[Dataset records]
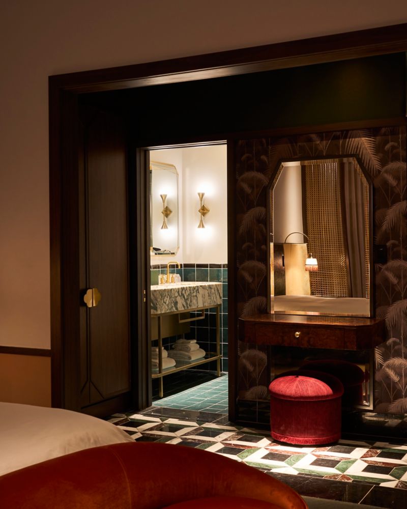 Enjoy a refined guestroom with city views. Sunroom-inspired sitting area and marble entry. Bathroom with double vanity and rain shower with adjustable arm, plus Nespresso, tea kettle, minibar, and hearing accessible features.
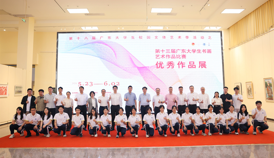 本网讯 5月27日,由团广东省委、省教育厅、省体育局、省学联主办,我校承办的“第十三届广东大学生书画艺术作品比赛”优秀作品展在我校美术馆开幕。
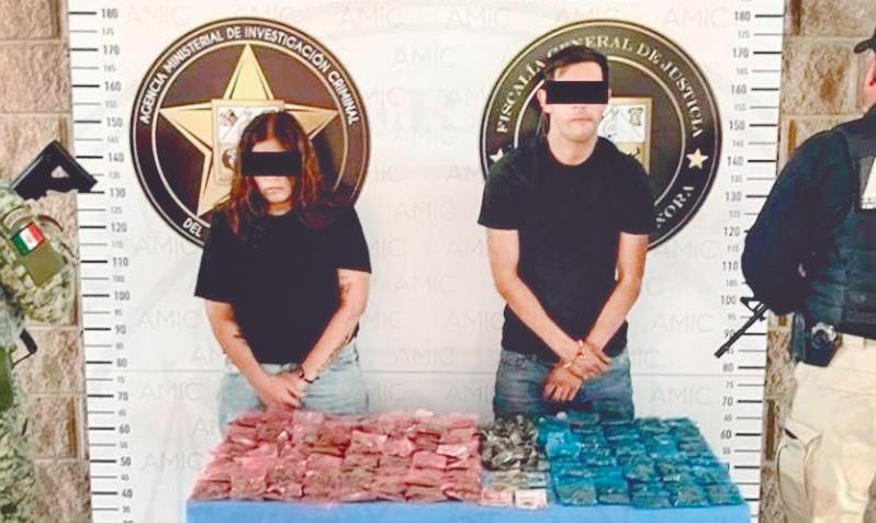 Elementos de la Agencia Ministerial de Investigación Criminal (AMIC) y de la Secretaría de la Defensa Nacional realizaron un operativo en la colonia Real del Carmen de Hermosillo, que culminó con la detención de Francisco Ramsés ‘N’, de 25 años, y Sandra Marisol ‘N’, de 31 años. Durante la intervención se aseguró una mochila con 260 dosis de marihuana y 40 envoltorios de metanfetamina, además de dinero en efectivo presuntamente ligado a la venta de drogas. Los detenidos y las sustancias fueron puestos a disposición del Ministerio Público del Centro de Operaciones Estratégicas (COE) para continuar con la investigación y determinar la situación jurídica de los implicados.
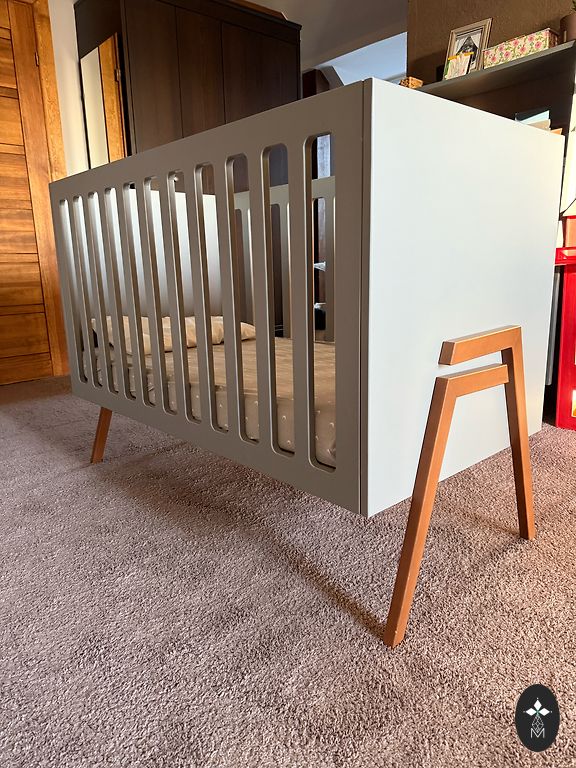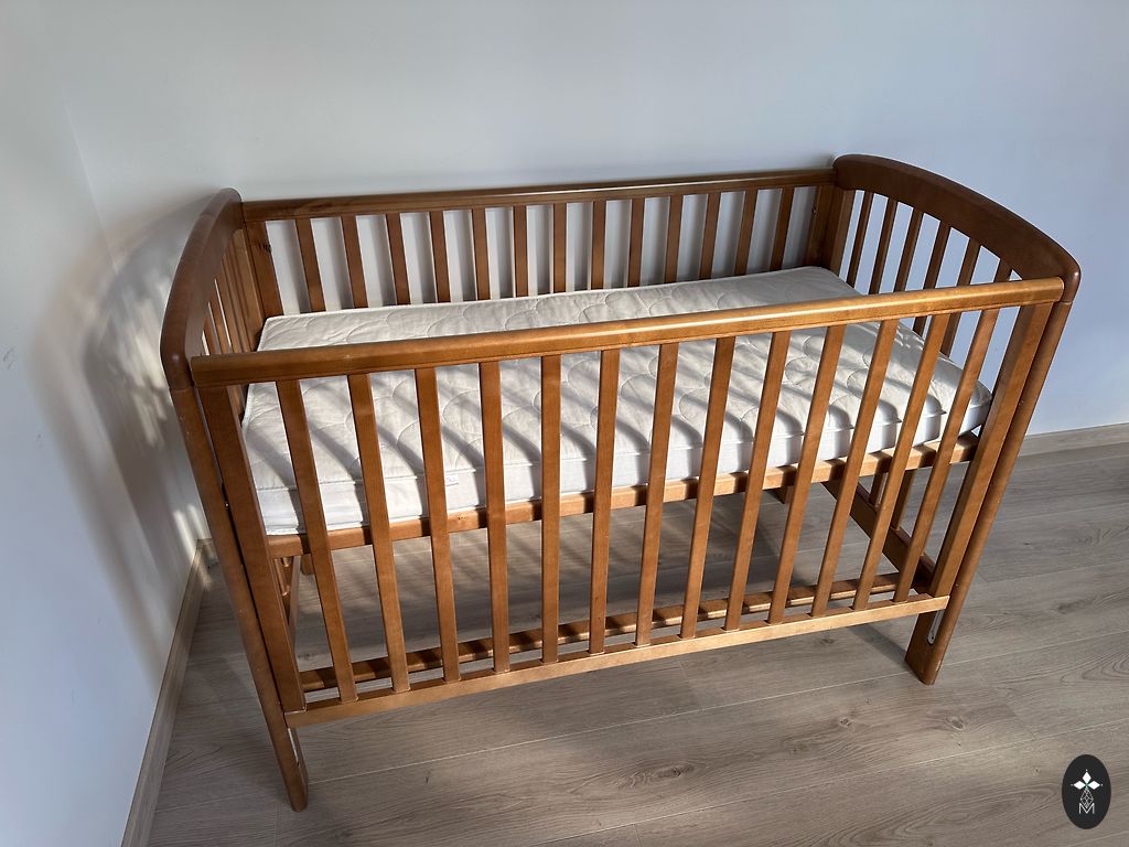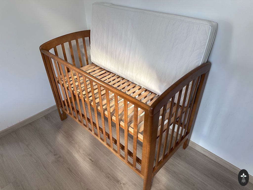 Кроватка в хорошем состоянии. Кровать легко разбирается — между боковыми конструкциями есть 5 досок, которые крепятся с помощью винтов.
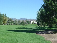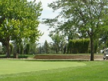 Hole 11 is a very challenging par 3.  It plays about 180 yards from the white tees, and there’s lots of trouble on both sides.  Down the left is a row of trees, backed by the irrigation ditch.  Down the right are scattered trees, which can interfere with your line to the green, as well as block out any high wedge shots with their canopy.  So straight is the name of the game.  The par golfers just hit their four and five irons straight to the green.  Bogey golfers can either hit a mid iron and let it be 30 yards short, and chip on with their second shots, or try a chipping motion with a fairway wood (again - hit it straight!).  The green has a lot of undulations, so be sure to read your putt from both sides of the hole, and pay close attention to your speed.  Bogey is a good score on this hole, so don’t get greedy.

◆ **Task instructions**: Could the lines above be copied out exactly, with no image carried over?

◆ **Answer**:
 Enjoy a refined guestroom with city views. Sunroom-inspired sitting area and marble entry. Bathroom with double vanity and rain shower with adjustable arm, plus Nespresso, tea kettle, minibar, and hearing accessible features.
 本网讯 5月27日,由团广东省委、省教育厅、省体育局、省学联主办,我校承办的“第十三届广东大学生书画艺术作品比赛”优秀作品展在我校美术馆开幕。
 Elementos de la Agencia Ministerial de Investigación Criminal (AMIC) y de la Secretaría de la Defensa Nacional realizaron un operativo en la colonia Real del Carmen de Hermosillo, que culminó con la detención de Francisco Ramsés ‘N’, de 25 años, y Sandra Marisol ‘N’, de 31 años. Durante la intervención se aseguró una mochila con 260 dosis de marihuana y 40 envoltorios de metanfetamina, además de dinero en efectivo presuntamente ligado a la venta de drogas. Los detenidos y las sustancias fueron puestos a disposición del Ministerio Público del Centro de Operaciones Estratégicas (COE) para continuar con la investigación y determinar la situación jurídica de los implicados.
 Кроватка в хорошем состоянии. Кровать легко разбирается — между боковыми конструкциями есть 5 досок, которые крепятся с помощью винтов.
 Hole 11 is a very challenging par 3.  It plays about 180 yards from the white tees, and there’s lots of trouble on both sides.  Down the left is a row of trees, backed by the irrigation ditch.  Down the right are scattered trees, which can interfere with your line to the green, as well as block out any high wedge shots with their canopy.  So straight is the name of the game.  The par golfers just hit their four and five irons straight to the green.  Bogey golfers can either hit a mid iron and let it be 30 yards short, and chip on with their second shots, or try a chipping motion with a fairway wood (again - hit it straight!).  The green has a lot of undulations, so be sure to read your putt from both sides of the hole, and pay close attention to your speed.  Bogey is a good score on this hole, so don’t get greedy.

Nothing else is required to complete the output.